I am working on a project that parses csv files. In its current state, the user has to enter a unique string from the known column names to set the header row, both for parse column selection and to populate the columns-to-keep field.
My goal is to remove that step from the user end and automate the process, regardless of where the header row actually lies. I made a basic, hard-coded, solution to this... but I am wondering how I might go about a more Pythonic / automated way that doesn't rely on hard-coded values and logic.

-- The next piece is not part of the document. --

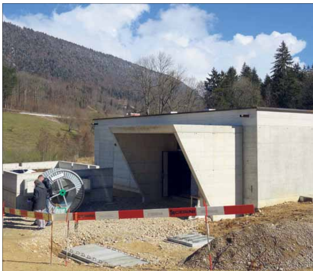
L'eau extraite à la station de pompage du puits des Sauges, bientôt achevée, sera conduite au réservoir des Philosophes, que l'on devine dans la côte de l'endroit, presque au centre de l'image

Here is a minimal version of my test dataframe:
0 | A | B | C | D | E | F |
---|---|---|---|---|---|---|
1 | this is just a placeholder to act like the first cell is filled | |||||
2 | ||||||
3 | this is also just a placeholder | |||||
4 | ||||||
5 | ||||||
6 | ||||||
7 | Text | Bool | Type | Active | ||
8 | A. Lorem ipsum dolor sit amet, consectetur adipiscing elit.... | TRUE | t1 | yes | ||
9 | C.Nulla quis nisi vitae ante eleifend porta.D.Donec tempor felis nec lectus ultricies fringilla.... | FALSE | t5 | no |
The header row is row 7, which my basic solution identifies. But again, it is hard-coded specifically to the test dataframe.
Code below, TYIA.
import os, sys
import pandas as pd
import numpy as np
n=0
rownum=0
false_count=0
chklst=[]
stmt=[]
column_check = {}
row_number=0
docs = os.listdir() #set to where file is saved
os.chdir()
for file in docs:
if file.endswith('csv'):
if file == 'test_list1.csv':
df = pd.read_csv('test_list1.csv', header = None)
for row in df.iterrows():
rownum +=1
colnum=0
for column in df.iloc[n]:
colnum += 1
rowindx = rownum-1
colindx = colnum-1
test=len(df.iloc[n])-1
if df.isnull().loc[rowindx, colindx]:
colbool = 'False'
column_check[f'row {rownum} col {colnum}'] = colbool
else:
colbool = 'True'
column_check[f'row {rownum} col {colnum}'] = colbool
if n < 3:
n += 1
for key, value in column_check.items():
false_count=0
i=0
chklst.append(f'{key} ')
if key.endswith('col 1'):
if value == 'False':
col1val = 1
elif value == 'True':
col1val = 0
if key.endswith('col 2'):
if value == 'False':
col2val = 1
elif value == 'True':
col2val = 0
if key.endswith('col 3'):
if value == 'False':
col3val = 1
elif value == 'True':
col3val = 0
if key.endswith('col 4'):
if value == 'False':
col4val = 1
elif value == 'True':
col4val = 0
colsum = col1val+col2val+col3val+col4val
if colsum > 2:
chklst.append("not header row")
else:
chklst.append('poss header')
chklst.append("")
match = 'poss header'
indx_pos = chklst.index(match)
indx_pos = int((indx_pos / 5)-1) #adjusting for number of entries per row and -1 for index
found=f'The possible header is row {indx_pos}!!'
print(found)
This prints: "The possible header is row 7!!"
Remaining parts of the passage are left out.